_The problem_. Use the entries below and reproduce exactly the lines from the one containing "ਬੀਜਿੰਗ : ਚੀਨ" down to the one containing "全国の20代から50代の男女", both of them included.

Records supplied START

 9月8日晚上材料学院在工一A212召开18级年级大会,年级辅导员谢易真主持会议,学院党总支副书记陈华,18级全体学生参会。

Records supplied END
Records supplied START

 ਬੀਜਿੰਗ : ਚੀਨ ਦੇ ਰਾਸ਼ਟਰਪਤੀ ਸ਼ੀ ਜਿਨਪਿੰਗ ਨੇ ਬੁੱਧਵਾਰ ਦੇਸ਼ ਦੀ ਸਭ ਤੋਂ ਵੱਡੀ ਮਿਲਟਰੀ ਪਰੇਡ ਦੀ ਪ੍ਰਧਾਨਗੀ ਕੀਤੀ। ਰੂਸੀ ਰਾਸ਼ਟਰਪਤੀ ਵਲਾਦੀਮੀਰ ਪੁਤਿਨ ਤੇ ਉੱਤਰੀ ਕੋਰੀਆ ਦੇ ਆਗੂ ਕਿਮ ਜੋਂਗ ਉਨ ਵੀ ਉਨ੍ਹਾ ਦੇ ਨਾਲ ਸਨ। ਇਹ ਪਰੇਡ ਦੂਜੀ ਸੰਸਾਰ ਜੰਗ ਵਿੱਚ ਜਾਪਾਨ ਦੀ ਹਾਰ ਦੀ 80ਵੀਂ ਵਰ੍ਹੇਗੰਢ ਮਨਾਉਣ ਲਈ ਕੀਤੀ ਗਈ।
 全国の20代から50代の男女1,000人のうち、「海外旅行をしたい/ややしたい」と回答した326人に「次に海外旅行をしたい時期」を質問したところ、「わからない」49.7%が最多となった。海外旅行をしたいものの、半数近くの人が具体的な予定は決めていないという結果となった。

Records supplied END
Records supplied START

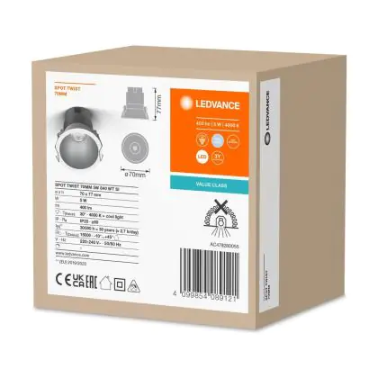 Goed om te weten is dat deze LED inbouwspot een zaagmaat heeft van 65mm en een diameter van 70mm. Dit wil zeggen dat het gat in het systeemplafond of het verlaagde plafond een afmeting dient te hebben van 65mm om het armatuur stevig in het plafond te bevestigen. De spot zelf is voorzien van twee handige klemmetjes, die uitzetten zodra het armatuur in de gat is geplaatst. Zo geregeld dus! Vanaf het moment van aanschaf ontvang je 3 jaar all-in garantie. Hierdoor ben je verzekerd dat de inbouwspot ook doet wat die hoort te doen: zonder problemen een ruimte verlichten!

Records supplied END

_Your solution_.
 ਬੀਜਿੰਗ : ਚੀਨ ਦੇ ਰਾਸ਼ਟਰਪਤੀ ਸ਼ੀ ਜਿਨਪਿੰਗ ਨੇ ਬੁੱਧਵਾਰ ਦੇਸ਼ ਦੀ ਸਭ ਤੋਂ ਵੱਡੀ ਮਿਲਟਰੀ ਪਰੇਡ ਦੀ ਪ੍ਰਧਾਨਗੀ ਕੀਤੀ। ਰੂਸੀ ਰਾਸ਼ਟਰਪਤੀ ਵਲਾਦੀਮੀਰ ਪੁਤਿਨ ਤੇ ਉੱਤਰੀ ਕੋਰੀਆ ਦੇ ਆਗੂ ਕਿਮ ਜੋਂਗ ਉਨ ਵੀ ਉਨ੍ਹਾ ਦੇ ਨਾਲ ਸਨ। ਇਹ ਪਰੇਡ ਦੂਜੀ ਸੰਸਾਰ ਜੰਗ ਵਿੱਚ ਜਾਪਾਨ ਦੀ ਹਾਰ ਦੀ 80ਵੀਂ ਵਰ੍ਹੇਗੰਢ ਮਨਾਉਣ ਲਈ ਕੀਤੀ ਗਈ।
 全国の20代から50代の男女1,000人のうち、「海外旅行をしたい/ややしたい」と回答した326人に「次に海外旅行をしたい時期」を質問したところ、「わからない」49.7%が最多となった。海外旅行をしたいものの、半数近くの人が具体的な予定は決めていないという結果となった。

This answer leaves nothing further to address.